We followed this basic rhythm for 7 days (some of us took a break on the fourth day), and it was incredibly relaxing. I ended up nearly completely ignoring AU2021: mobile reception in the area was really poor. I did join this one class as a silent panelist – just in case there were any questions about Project Dasher that I could handle via chat, as the Forge team kindly chose to demo it during the session – but I was very happy that I could just stay silent.
On the last day before leaving we took it easy, once again – it’s good to leave 24 hours after diving before taking the plane, even if the dives are shallow – which included heading to the local town to get the kids tested for the return trip, and raiding the town’s ATM for Euros. (We could pay for the accommodation by bank transfer, but the dives had to be paid in cash… and 7 days of diving for 5 people – plus a couple of training courses – meant quite a lot of it, too, especially when the ATM was only dispensing 20 Euro notes.)
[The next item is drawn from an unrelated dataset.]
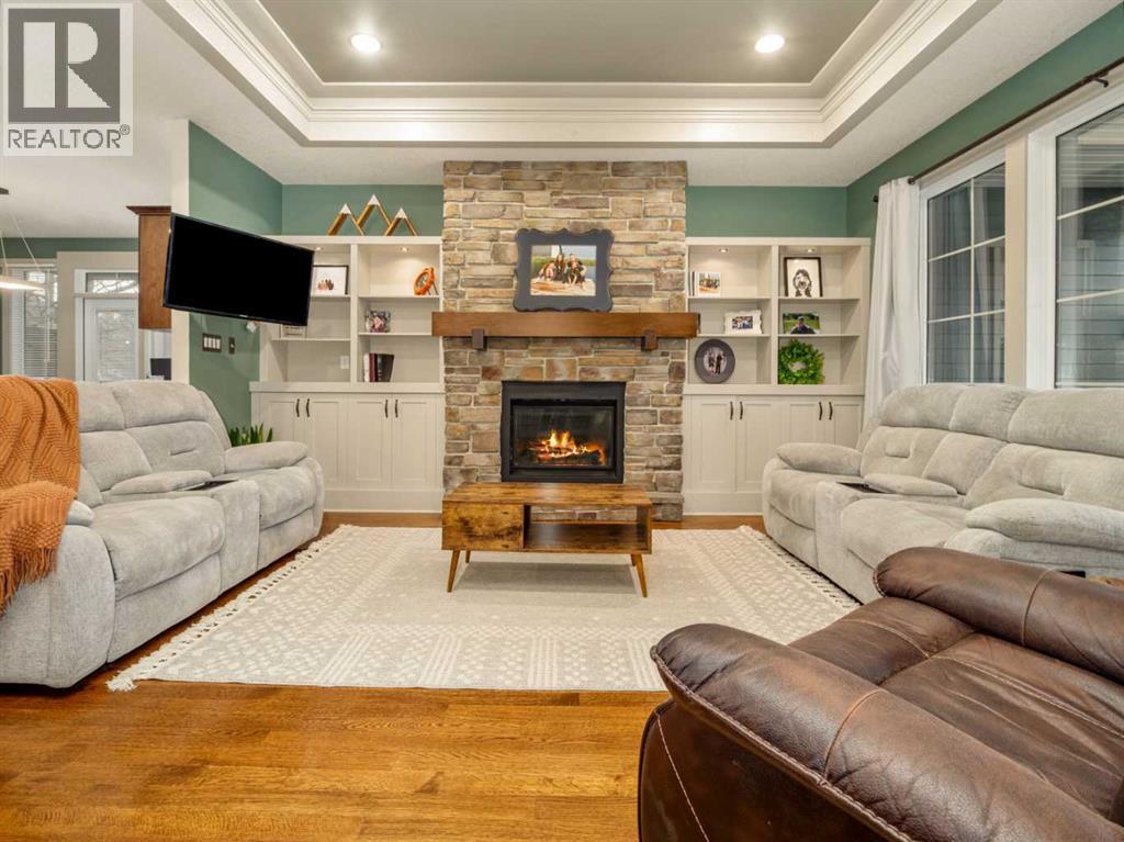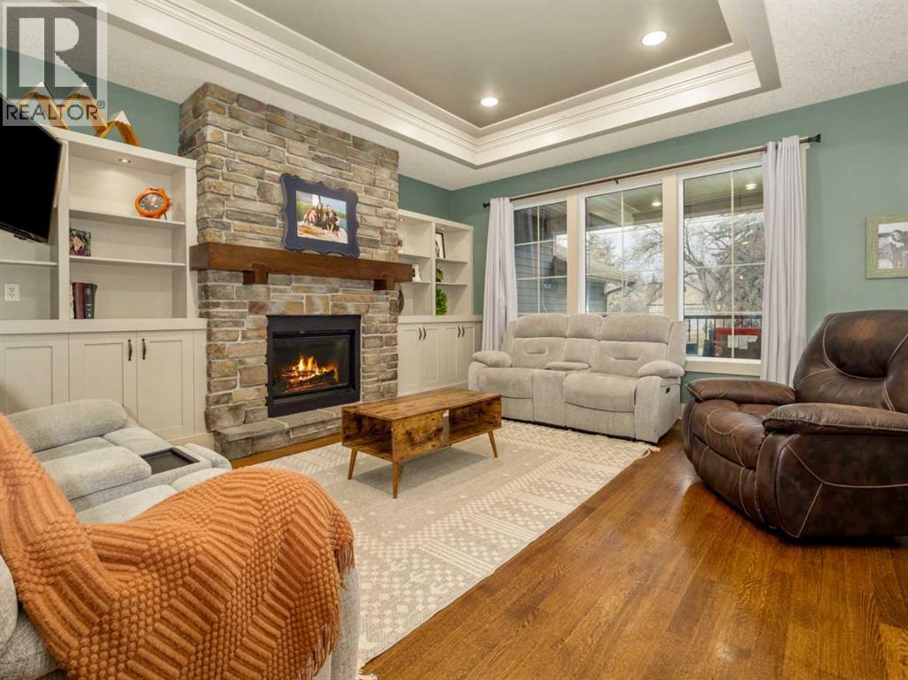 If you’ve been searching for a newer bungalow in a beautiful, mature neighbourhood, your search may be over! Properties like this don’t come around very often, a stunning home perfectly combining modern comfort with timeless charm.Built on a corner lot surrounded by mature trees, this residence impresses from the moment you arrive. The exposed aggregate steps, Hardie board siding, and a large covered front porch create incredible curb appeal that will make you fall in love at first sight.Step inside and experience the warmth of an open-concept floor plan designed for both elegance and ease. The living room draws you in with its striking gas fireplace, custom built-ins, and detailed ceiling design. The chef’s kitchen features granite countertops, gas stove, built-in double ovens, a pantry, and even a built-in china cabinet and desk area near the dining space — perfect for both entertaining and everyday living.The main floor offers three spacious bedrooms, including a luxurious primary suite with a corner jetted tub, separate shower, and walk-in closet.Downstairs, the fully developed lower level is an entertainer’s dream, boasting a massive family and games room complete with a wet bar and second gas fireplace, plus two additional large bedrooms and a full bathroom.Outside, enjoy morning coffee on the covered porch, relax on the back deck overlooking the fenced yard, and appreciate the convenience of a double attached garage, air conditioning, and underground sprinklers. New furnace, Humidifier & Central A/C in 2025.This home truly checks all the boxes, luxury finishes, modern amenities, mature surroundings, and impeccable design.Don’t miss your opportunity to make this incredible bungalow yours. Contact your favourite REALTOR® today! (id:28267)

Many thanks to the whole team at Capo Galera. I was really impressed with the warmth and professionalism we were greeted with. I wouldn’t hesitate to go back there for a diving holiday in the future! And many thanks to our dear friend, neighbour and former Autodesker, Iris Weiskopf, for discovering this fantastic part of the world and introducing us to it. Next time I hope we can all go together. :-)
Here’s a photo of some of our wonderful instructors. From left to right: Alessandro, Ricardo, Andreone and Andreino. Giulia and Lapo weren’t on the boat for this picture, but we also had great dives with them.
After an amazing holiday, we headed to the airport to fly – once again via Rome – back to Geneva.
This time we had a very tight connection, so unsurprisingly our luggage stayed overnight in Rome. So while we were on Alitalia’s last flight from Rome to Geneva, our luggage came the next day on ITA’s first one.